Ciné-Concert Métropolis : une musique futuriste pour un film du même genre !

La dernière fois que je suis allée voir un spectacle proposé par l’ONPL, il y avait eu un concerto pour clarinette assez abstrait qui ne m’avait guère parlé. Je m’étais fait la réflexion qu’un support vidéo ou une projection de film muet pourrait être un cadre intéressant pour donner un sens à un style de musique si particulier. Ainsi, quand j’ai vu l’annonce d’un ciné-concert avec une projection du film Métropolis, j’ai sauté sur l’occasion ! Voilà une belle opportunité de me faire un point de vue sur ce genre de performance...
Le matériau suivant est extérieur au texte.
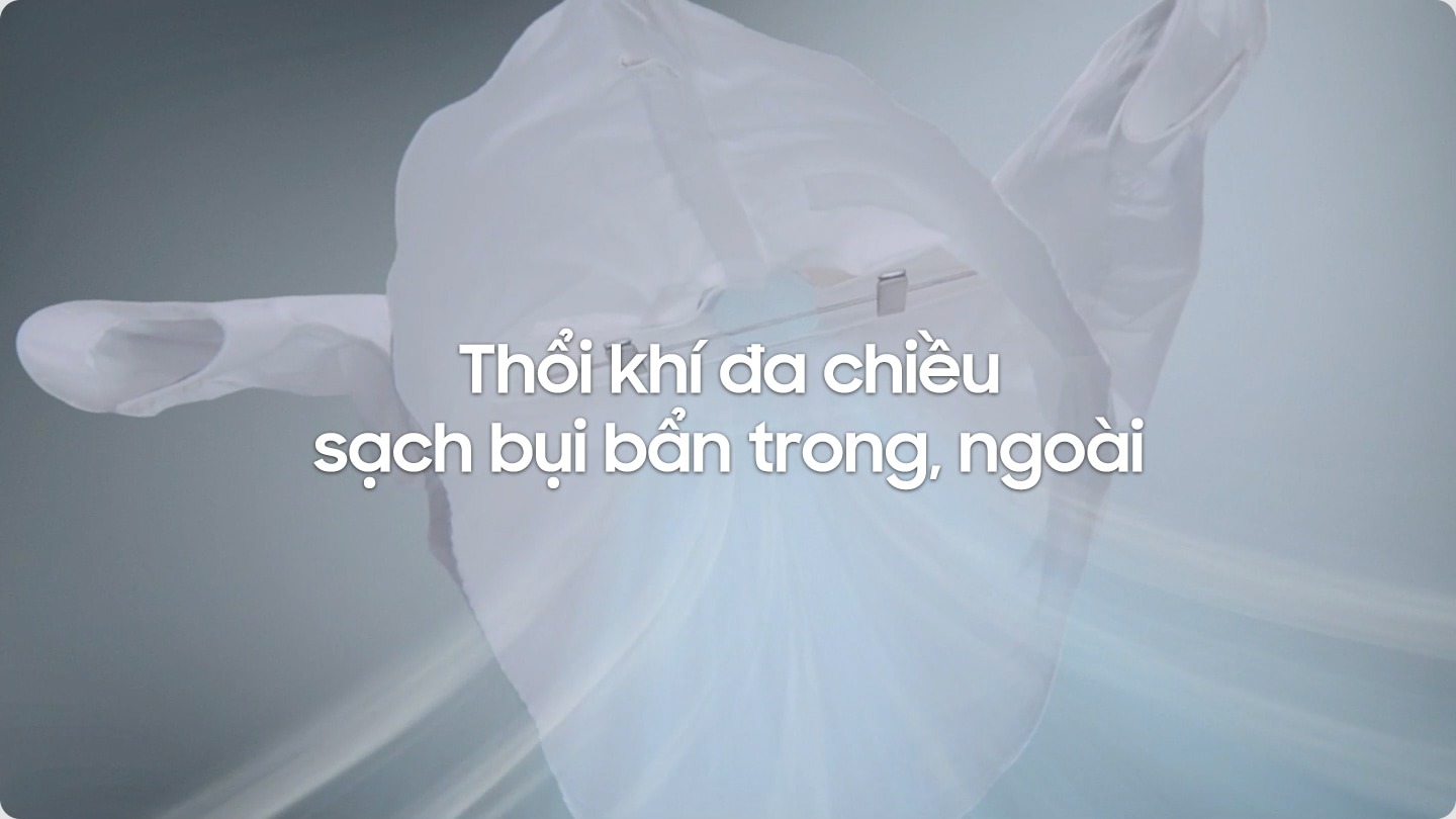 Hệ thống thổi khí Dual JetAir tạo luồng khí mạnh mẽ đa chiều từ phía trên, nhanh chóng thổi sạch bụi bẩn cả bên ngoài và tận sâu các lớp bên trong quần áo, đồng thời khử mùi hiệu quả đến 99%.

Le film muet "Métropolis" a été réalisé par Fritz Lang en 1927. C’est un des premiers longs-métrages de science-fiction et il reste une référence incontournable du genre. Certains réalisateurs ou auteurs s’en sont certainement inspirés pour des aspects de leurs oeuvres, auxquelles on ne peut s’empêcher de penser en le regardant. Je donnerai comme exemple les films "le cinquième élément", "Blade Runner" ou encore le manga "Gunm".
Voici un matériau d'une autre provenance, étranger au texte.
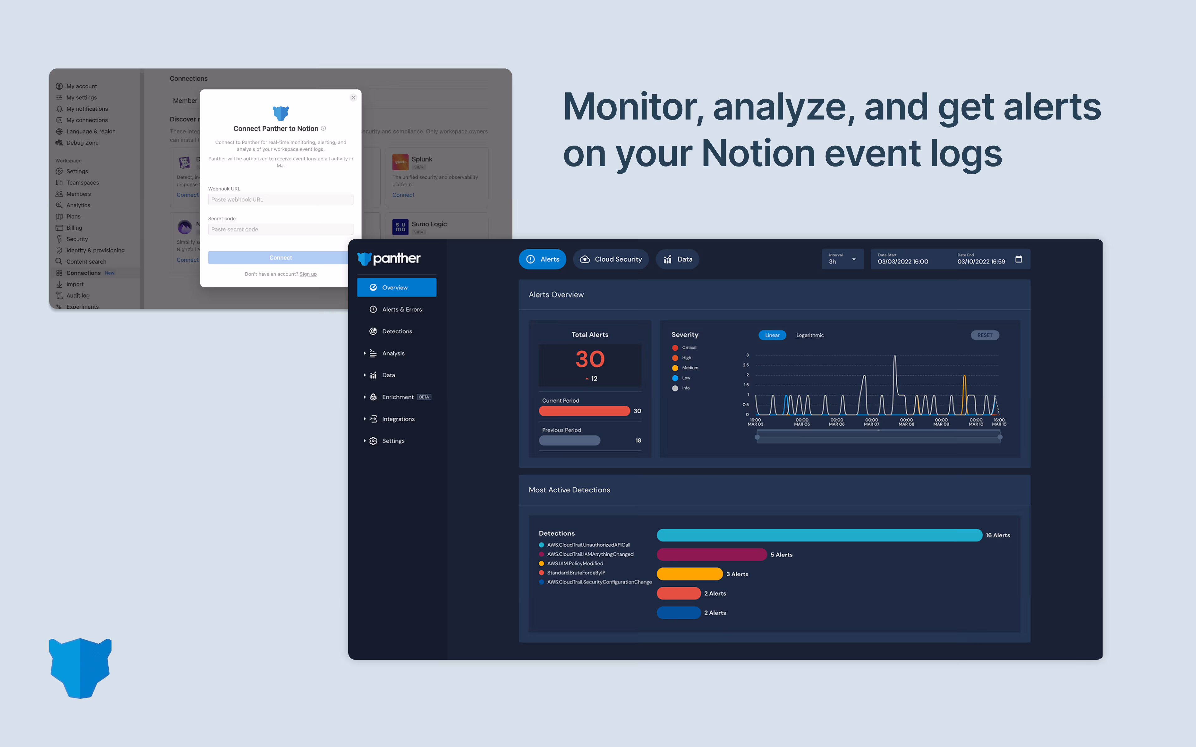 Panther monitors your environment through log ingestion and real-time monitoring. With this integration, you can start ingesting your Notion audit/activity logs to Panther with a couple of clicks and seamlessly start monitoring your Notion environment using Panther’s out of the box detection pack. Out of the box detections keep your security team in the loop if anything suspicious happens, like unusual login activity, data exfiltration, admin changes, and more. If Panther detects a potential threat like these in your Notion logs, your security team receives an alert, enabling them to easily investigate related activity with Panther’s fast search tools and ensure Notion remains secure.

Le film ayant subi les ravages du temps, il est aujourd’hui impossible de le voir dans son intégralité. Cependant, des bobines ont été retrouvées il y a quelques années et une nouvelle version restaurée a pu être offerte à nos yeux ce soir. Quel honneur de pouvoir découvrir des images oubliées depuis près d’un siècle !

Métropolis aborde la révolution industrielle, le monde ouvrier et surtout la lutte des classes sociales. L’intervention d’un savant déjanté et de sa " femme robot" appuie bien le caractère S.F du film, et les visions de la mégalopole futuriste sont édifiantes.

L’orchestre était composé de 16 instrumentistes et d’un dispositif électronique. La direction était gérée par Martin Matalon, qui est aussi le compositeur. Le style exprimé était plutôt abstrait et contemporain, du moins c’est ainsi que je le caractérise.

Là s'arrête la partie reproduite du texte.